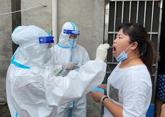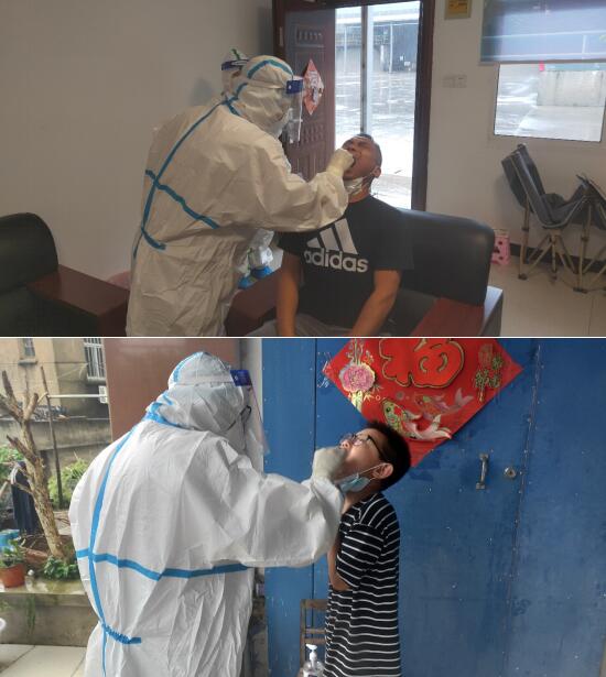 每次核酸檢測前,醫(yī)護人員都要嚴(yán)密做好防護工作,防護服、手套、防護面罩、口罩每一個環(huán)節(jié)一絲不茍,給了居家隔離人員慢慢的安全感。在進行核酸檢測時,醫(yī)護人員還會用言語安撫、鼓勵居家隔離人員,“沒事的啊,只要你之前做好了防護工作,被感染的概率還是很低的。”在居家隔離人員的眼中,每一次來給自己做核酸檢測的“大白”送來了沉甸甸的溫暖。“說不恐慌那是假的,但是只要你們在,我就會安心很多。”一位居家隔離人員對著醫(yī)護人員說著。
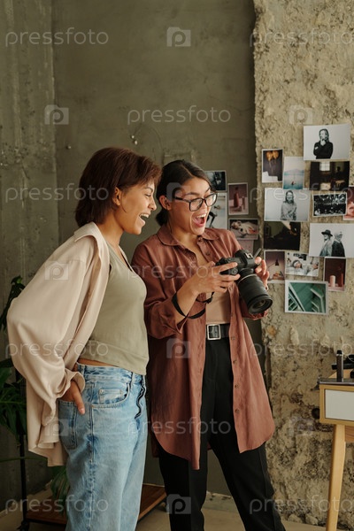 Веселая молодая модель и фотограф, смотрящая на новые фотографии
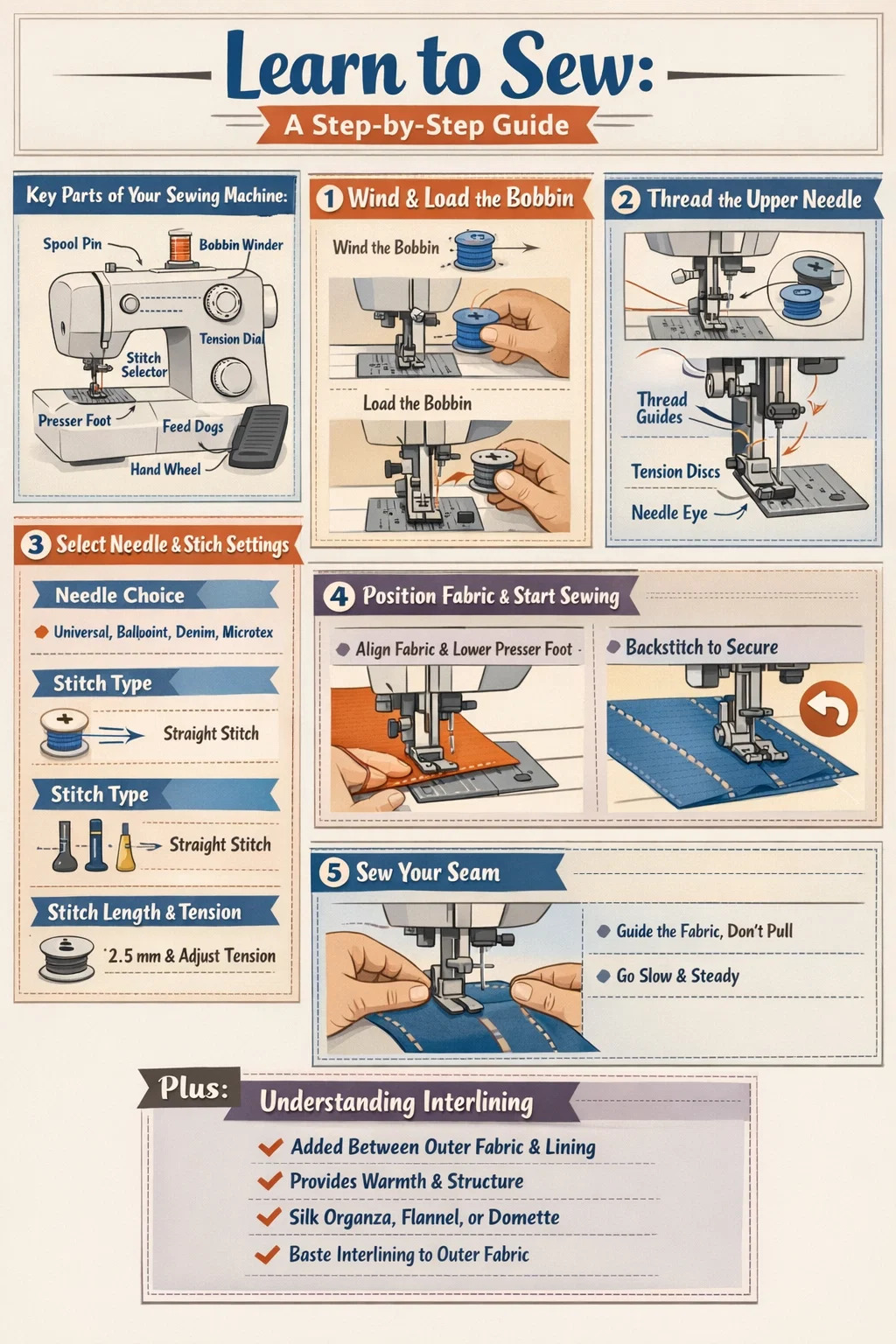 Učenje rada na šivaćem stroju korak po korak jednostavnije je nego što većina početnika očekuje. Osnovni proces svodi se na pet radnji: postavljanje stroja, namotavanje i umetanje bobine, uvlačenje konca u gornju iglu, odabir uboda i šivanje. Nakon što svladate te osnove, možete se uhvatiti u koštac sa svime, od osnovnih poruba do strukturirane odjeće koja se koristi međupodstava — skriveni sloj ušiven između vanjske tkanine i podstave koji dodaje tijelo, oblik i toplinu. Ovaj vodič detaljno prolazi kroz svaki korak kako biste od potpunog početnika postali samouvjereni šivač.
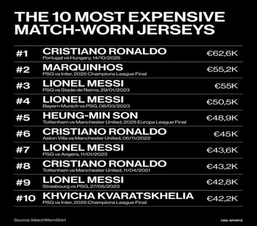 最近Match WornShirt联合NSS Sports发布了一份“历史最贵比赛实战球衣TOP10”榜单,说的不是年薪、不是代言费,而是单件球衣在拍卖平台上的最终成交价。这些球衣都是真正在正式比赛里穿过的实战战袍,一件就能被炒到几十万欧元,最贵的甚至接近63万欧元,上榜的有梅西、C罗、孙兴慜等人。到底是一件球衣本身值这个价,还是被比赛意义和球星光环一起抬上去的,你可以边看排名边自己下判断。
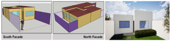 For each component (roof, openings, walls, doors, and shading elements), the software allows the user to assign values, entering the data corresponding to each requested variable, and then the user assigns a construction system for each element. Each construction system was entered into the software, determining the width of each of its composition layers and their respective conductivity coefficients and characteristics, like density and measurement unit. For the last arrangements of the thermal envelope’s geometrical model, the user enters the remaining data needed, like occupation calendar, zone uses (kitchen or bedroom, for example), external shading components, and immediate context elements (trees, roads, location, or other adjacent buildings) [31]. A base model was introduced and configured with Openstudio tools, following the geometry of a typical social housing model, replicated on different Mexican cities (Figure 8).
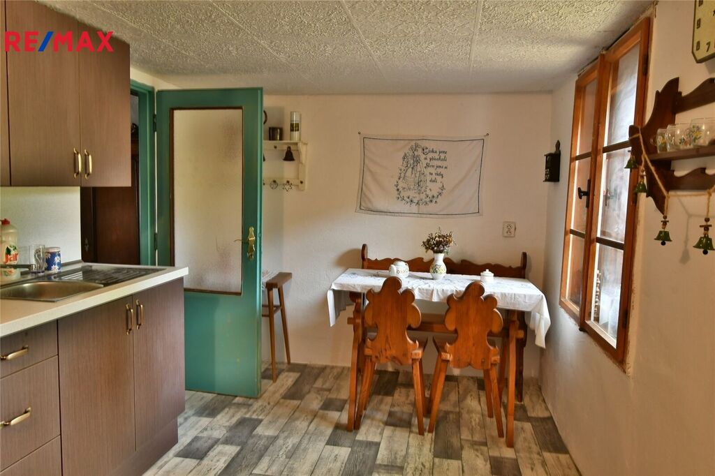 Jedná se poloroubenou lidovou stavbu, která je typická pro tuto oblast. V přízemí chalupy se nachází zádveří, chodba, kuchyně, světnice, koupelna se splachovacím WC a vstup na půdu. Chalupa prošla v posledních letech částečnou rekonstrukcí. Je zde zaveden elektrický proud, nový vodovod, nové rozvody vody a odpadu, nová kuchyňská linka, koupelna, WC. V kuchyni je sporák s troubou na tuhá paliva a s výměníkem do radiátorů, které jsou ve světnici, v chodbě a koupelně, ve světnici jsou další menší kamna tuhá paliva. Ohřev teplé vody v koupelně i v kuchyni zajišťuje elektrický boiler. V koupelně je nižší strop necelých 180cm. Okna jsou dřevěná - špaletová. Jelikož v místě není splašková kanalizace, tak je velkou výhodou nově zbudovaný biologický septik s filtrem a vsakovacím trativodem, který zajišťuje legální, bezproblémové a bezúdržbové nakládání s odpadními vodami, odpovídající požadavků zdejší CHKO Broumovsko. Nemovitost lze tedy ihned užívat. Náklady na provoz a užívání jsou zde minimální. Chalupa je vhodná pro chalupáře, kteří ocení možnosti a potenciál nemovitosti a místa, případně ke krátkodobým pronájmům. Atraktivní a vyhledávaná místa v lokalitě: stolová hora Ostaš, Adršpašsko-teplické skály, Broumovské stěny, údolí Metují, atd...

^^^^^^^^^^^^^^^^

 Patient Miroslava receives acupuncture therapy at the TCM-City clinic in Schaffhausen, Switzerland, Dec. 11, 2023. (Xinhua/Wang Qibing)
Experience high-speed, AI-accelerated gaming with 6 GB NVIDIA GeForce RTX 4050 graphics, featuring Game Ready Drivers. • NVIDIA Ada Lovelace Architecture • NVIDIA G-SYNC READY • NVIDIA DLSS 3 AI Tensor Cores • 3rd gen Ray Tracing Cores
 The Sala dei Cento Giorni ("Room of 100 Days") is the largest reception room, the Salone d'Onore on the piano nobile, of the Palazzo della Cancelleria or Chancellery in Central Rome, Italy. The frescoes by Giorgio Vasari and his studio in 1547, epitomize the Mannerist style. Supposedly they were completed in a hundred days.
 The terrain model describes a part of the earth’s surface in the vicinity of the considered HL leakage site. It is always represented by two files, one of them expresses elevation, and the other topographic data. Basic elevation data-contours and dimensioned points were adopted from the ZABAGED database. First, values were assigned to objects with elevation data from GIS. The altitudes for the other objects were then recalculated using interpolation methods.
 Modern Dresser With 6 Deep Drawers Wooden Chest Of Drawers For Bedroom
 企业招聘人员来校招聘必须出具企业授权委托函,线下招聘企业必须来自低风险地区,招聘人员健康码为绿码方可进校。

^^^^^^^^^^^^^^^^

> To do: Once the line with "每次核酸檢測前,醫(yī)護" has been found above, output that line and every later line exactly, stopping after the line with "Веселая молодая модель", and omit the pictures.

> Exercise output:
 每次核酸檢測前,醫(yī)護人員都要嚴(yán)密做好防護工作,防護服、手套、防護面罩、口罩每一個環(huán)節(jié)一絲不茍,給了居家隔離人員慢慢的安全感。在進行核酸檢測時,醫(yī)護人員還會用言語安撫、鼓勵居家隔離人員,“沒事的啊,只要你之前做好了防護工作,被感染的概率還是很低的。”在居家隔離人員的眼中,每一次來給自己做核酸檢測的“大白”送來了沉甸甸的溫暖。“說不恐慌那是假的,但是只要你們在,我就會安心很多。”一位居家隔離人員對著醫(yī)護人員說著。
 Веселая молодая модель и фотограф, смотрящая на новые фотографии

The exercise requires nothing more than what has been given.